Nearby is an arch, the “Door of No Return”, in memory of those jammed onto slave ships from Ouidah’s beach bound for the New World.
“Our ancestors foresaw this return of Afro-descendants. They are eagerly awaited by the ghosts of our ancestors,” said Hounnongan Viyeye Noumaze Gbetoton, one of the Vodoun dignitaries in Ouidah.
“When they return, it is to take blessings and recharge their batteries to move forward.”
Brazilian Anaica Durand said she had passed this stage.
This is Alexandra Bajeux’s second visit to Ouidah. She came this year to honor the Snake deity Dan.
“All the consultations revealed that it was the cult of my ancestors,” she smiles, white loincloth tied at the waist.
The 29-year-old Haitian plans to settle in Ouidah to devote herself full-time to this religion.
“Dan is happiness and he is a source of wealth,” said the young woman who swears “to have finally found the happiness that she lacked”.
“Our major objective is that the indigenous culture never fades away… Sooner or later, all Afro-descendants will return to the fold.
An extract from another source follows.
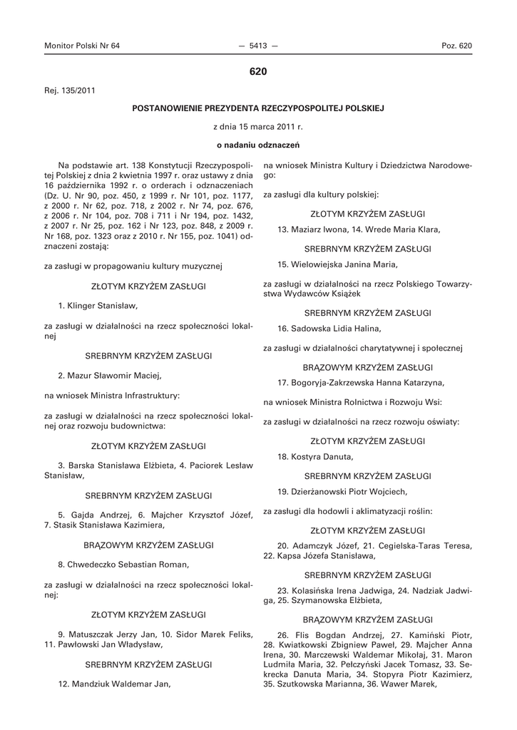 Monitor Polski Nr 64 — 5413 — Poz. 620 620 Rej. 135/2011 POSTANOWIENIE PREZYDENTA RZECZYPOSPOLITEJ POLSKIEJ z dnia 15 marca 2011 r. o nadaniu odznaczeń Na podstawie art. 138 Konstytucji Rzeczypospolitej Polskiej z dnia 2 kwietnia 1997 r. oraz ustawy z dnia 16 października 1992 r. o orderach i odznaczeniach (Dz. U. Nr 90, poz. 450, z 1999 r. Nr 101, poz. 1177, z 2000 r. Nr 62, poz. 718, z 2002 r. Nr 74, poz. 676, z 2006 r. Nr 104, poz. 708 i 711 i Nr 194, poz. 1432, z 2007 r. Nr 25, poz. 162 i Nr 123, poz. 848, z 2009 r. Nr 168, poz. 1323 oraz z 2010 r. Nr 155, poz. 1041) odznaczeni zostają: za zasługi w propagowaniu kultury muzycznej ZŁOTYM KRZYŻEM ZASŁUGI 1. Klinger Stanisław, za zasługi w działalności na rzecz społeczności lokalnej na wniosek Ministra Kultury i Dziedzictwa Narodowego: za zasługi dla kultury polskiej: ZŁOTYM KRZYŻEM ZASŁUGI 13. Maziarz Iwona, 14. Wrede Maria Klara, SREBRNYM KRZYŻEM ZASŁUGI 15. Wielowiejska Janina Maria, za zasługi w działalności na rzecz Polskiego Towarzystwa Wydawców Książek SREBRNYM KRZYŻEM ZASŁUGI 16. Sadowska Lidia Halina, za zasługi w działalności charytatywnej i społecznej SREBRNYM KRZYŻEM ZASŁUGI BRĄZOWYM KRZYŻEM ZASŁUGI 2. Mazur Sławomir Maciej, na wniosek Ministra Infrastruktury: za zasługi w działalności na rzecz społeczności lokalnej oraz rozwoju budownictwa: ZŁOTYM KRZYŻEM ZASŁUGI 17. Bogoryja-Zakrzewska Hanna Katarzyna, na wniosek Ministra Rolnictwa i Rozwoju Wsi: za zasługi w działalności na rzecz rozwoju oświaty: ZŁOTYM KRZYŻEM ZASŁUGI 18. Kostyra Danuta, 3. Barska Stanisława Elżbieta, 4. Paciorek Lesław Stanisław, SREBRNYM KRZYŻEM ZASŁUGI 5. Gajda Andrzej, 6. Majcher Krzysztof Józef, 7. Stasik Stanisława Kazimiera, BRĄZOWYM KRZYŻEM ZASŁUGI SREBRNYM KRZYŻEM ZASŁUGI 19. Dzierżanowski Piotr Wojciech, za zasługi dla hodowli i aklimatyzacji roślin: ZŁOTYM KRZYŻEM ZASŁUGI 20. Adamczyk Józef, 21. Cegielska-Taras Teresa, 22. Kapsa Józefa Stanisława, 8. Chwedeczko Sebastian Roman, SREBRNYM KRZYŻEM ZASŁUGI za zasługi w działalności na rzecz społeczności lokalnej: ZŁOTYM KRZYŻEM ZASŁUGI 9. Matuszczak Jerzy Jan, 10. Sidor Marek Feliks, 11. Pawłowski Jan Władysław, SREBRNYM KRZYŻEM ZASŁUGI 12. Mandziuk Waldemar Jan, 23. Kolasińska Irena Jadwiga, 24. Nadziak Jadwiga, 25. Szymanowska Elżbieta, BRĄZOWYM KRZYŻEM ZASŁUGI 26. Flis Bogdan Andrzej, 27. Kamiński Piotr, 28. Kwiatkowski Zbigniew Paweł, 29. Majcher Anna Irena, 30. Marczewski Waldemar Mikołaj, 31. Maron Ludmiła Maria, 32. Pełczyński Jacek Tomasz, 33. Sekrecka Danuta Maria, 34. Stopyra Piotr Kazimierz, 35. Szutkowska Marianna, 36. Wawer Marek, Monitor Polski Nr 64 — 5414 — na wniosek Ministra Zdrowia za zasługi dla polskiej onkologii: Poz. 620 BRĄZOWYM KRZYŻEM ZASŁUGI 59. Kagan Tadeusz Stanisław, 60. Leońska Joanna Wanda, ZŁOTYM KRZYŻEM ZASŁUGI 37. Bobek-Billewicz Barbara Władysława, 38. Miszczyk Leszek Janusz, 39. Składowski Krzysztof, 40. Szelc Stefan Andrzej, SREBRNYM KRZYŻEM ZASŁUGI 41. Ślosarek Krzysztof Tadeusz, na wniosek Wojewody Dolnośląskiego: za zasługi w działalności na rzecz osób potrzebujących pomocy: ZŁOTYM KRZYŻEM ZASŁUGI po raz drugi 42. Niedźwiedzki Tadeusz, ZŁOTYM KRZYŻEM ZASŁUGI 43. Czuchryta Jan, 44. Guła-Chorabik Danuta, 45. Wiśniarek Czesław, SREBRNYM KRZYŻEM ZASŁUGI 46. Dyl Grażyna, 47. Kosior Ryszard Stanisław, 48. Żurko Stanisław, za zasługi w działalności na rzecz Stowarzyszeń Naukowo-Technicznych NOT: ZŁOTYM KRZYŻEM ZASŁUGI po raz drugi 49. Nowicki Krzysztof Grzegorz, SREBRNYM KRZYŻEM ZASŁUGI 50. Gondek Janusz Krzysztof, 51. Kazubek Barbara Marianna, na wniosek Wojewody Kujawsko-Pomorskiego: za zasługi w działalności na rzecz przemian demokratycznych w Polsce: ZŁOTYM KRZYŻEM ZASŁUGI 61. Kaźmierczak Jerzy, 62. Kozikowski Janusz Marian, 63. Kustra Włodzimierz Marian, 64. Mozgowiec Edward, 65. Różański Antoni, BRĄZOWYM KRZYŻEM ZASŁUGI 66. Kłos Czesław, za zasługi w działalności społecznej i związkowej: ZŁOTYM KRZYŻEM ZASŁUGI 67. Trawiński Marek Piotr, SREBRNYM KRZYŻEM ZASŁUGI 68. Wcisło Sławomir Marian, BRĄZOWYM KRZYŻEM ZASŁUGI 69. Świętalski Ryszard Józef, na wniosek Wojewody Lubelskiego: za zasługi w działalności na rzecz społeczności lokalnej: ZŁOTYM KRZYŻEM ZASŁUGI 70. Sipkowski Janusz Felicjan, SREBRNYM KRZYŻEM ZASŁUGI za zasługi w działalności społecznej na rzecz samorządu lekarsko-weterynaryjnego ZŁOTYM KRZYŻEM ZASŁUGI 52. Batorczak Zofia, 53. Dogiel Leokadia Teresa, pośmiertnie 54. Opyrchał Adam, 71. Zawadowski Ryszard Stefan, za zasługi w działalności społecznej: ZŁOTYM KRZYŻEM ZASŁUGI 72. Borawski Witold, 73. Krzysiak Jan Władysław, SREBRNYM KRZYŻEM ZASŁUGI za zasługi w działalności na rzecz społeczności lokalnej: 74. Gąszczyk Marek Antoni, 75. Poczek Andrzej, ZŁOTYM KRZYŻEM ZASŁUGI za zasługi w działalności społecznej na rzecz ochrony przeciwpożarowej 55. Słoniowski Janusz, BRĄZOWYM KRZYŻEM ZASŁUGI SREBRNYM KRZYŻEM ZASŁUGI 56. Budzanowski Kazimierz Wiesław, 57. Zalewski Kazimierz Stanisław, 58. Zatoń Stanisław Jerzy, 76. Chlaściak Zbigniew Witold, 77. Gąska Jerzy, 78. Gransztof Ryszard Marian, 79. Kobyliński Eugeniusz, Monitor Polski Nr 64 — 5415 — Poz. 620 na wniosek Wojewody Łódzkiego: na wniosek Wojewody Opolskiego: za zasługi w działalności na rzecz honorowego krwiodawstwa za zasługi w działalności na rzecz ochrony przeciwpożarowej: ZŁOTYM KRZYŻEM ZASŁUGI ZŁOTYM KRZYŻEM ZASŁUGI 102. Mrowiec Andrzej Michał, 80. Kowalczyk Waldemar, SREBRNYM KRZYŻEM ZASŁUGI za zasługi w działalności na rzecz społeczności lokalnej 103. Wiesner Ewald Jan, ZŁOTYM KRZYŻEM ZASŁUGI BRĄZOWYM KRZYŻEM ZASŁUGI 81. Kruk Edward, 82. Marczak Bogdan Kazimierz, na wniosek Wojewody Mazowieckiego: za zasługi w działalności na rzecz Stowarzyszenia „Rodzina Policyjna 1939 r.”: 104. Kandziora Józef, 105. Klimas Al

This is what our ancestors say,” said Hounnongan Viyeye Noumaze Gbetoton.
Francis Ahouissoussi, a Benin sociologist specialising in religious issues, explains this attachment of descendants of African slaves as “a natural need that they must fill”.
According to him, many Afro-descendants feel they “are in a permanent quest for their true identity”, part of which is addressed for some by the role of Vodoun.
For Brazilian Ana Beatriz Akpedje Almeida it felt like she was connecting the deities she knew from Brazil and others and to her ancestors.
“I think most people from the diaspora can connect with this kind of knowledge,” she said. “Voodoo is a perspective about humanity.”
US visitor Chastyl told AFP it was also her first time in Benin.
“I have seen so many divinities and a lot of dancing,” she said. “I don’t have any family here, they are all in the United States, but obviously somewhere, we are from here.”